→ **WORK TO COMPLETE**: Look below for the line that contains "Die Apartments verfügt", then quote it and all the lines after it, exactly, with the pictures left out.

→ **INFORMATION SHOWN**:
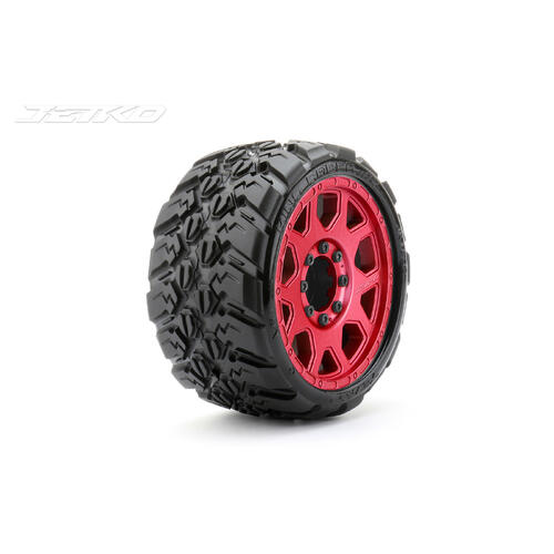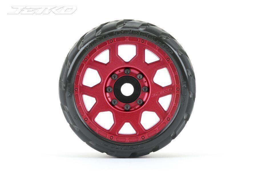 Write A ReviewJetko 1/8 SGT 3.8 EX-KING COBRA Tyres (Claw Rim/Metal Red/Med Soft/Belted/17mm 0 o/s) [1602CRMSGBB1]
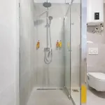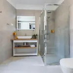 Die Apartments verfügt über ein Badezimmer mit einem Haartrockner und Badelaken. Außerdem gibt es hier eine begehbare Dusche.
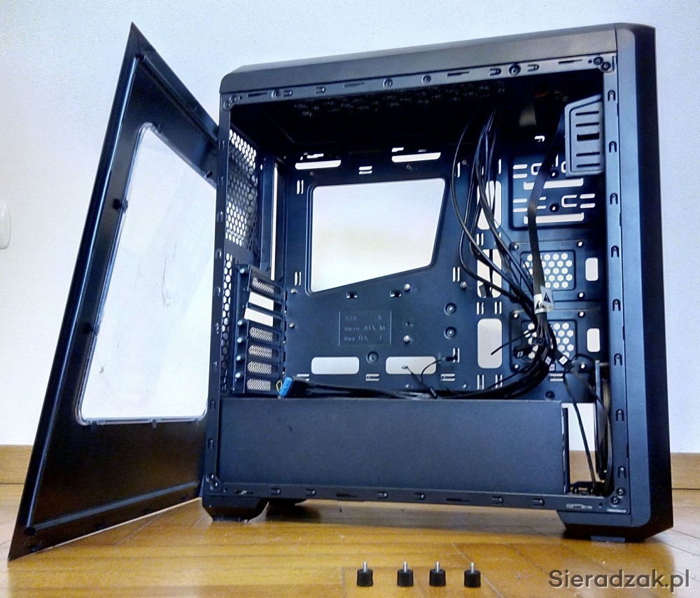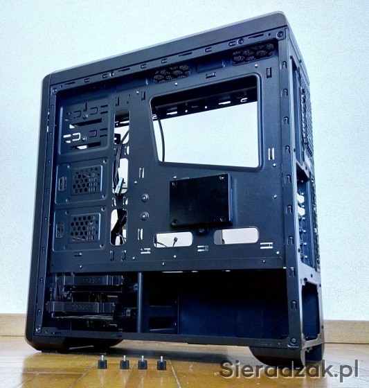Szuflada na zasilacz i wyciąg od spodu obudowy filtr przeciwpyłowy.

→ **RESULT OF THE TASK**:
 Die Apartments verfügt über ein Badezimmer mit einem Haartrockner und Badelaken. Außerdem gibt es hier eine begehbare Dusche.
Szuflada na zasilacz i wyciąg od spodu obudowy filtr przeciwpyłowy.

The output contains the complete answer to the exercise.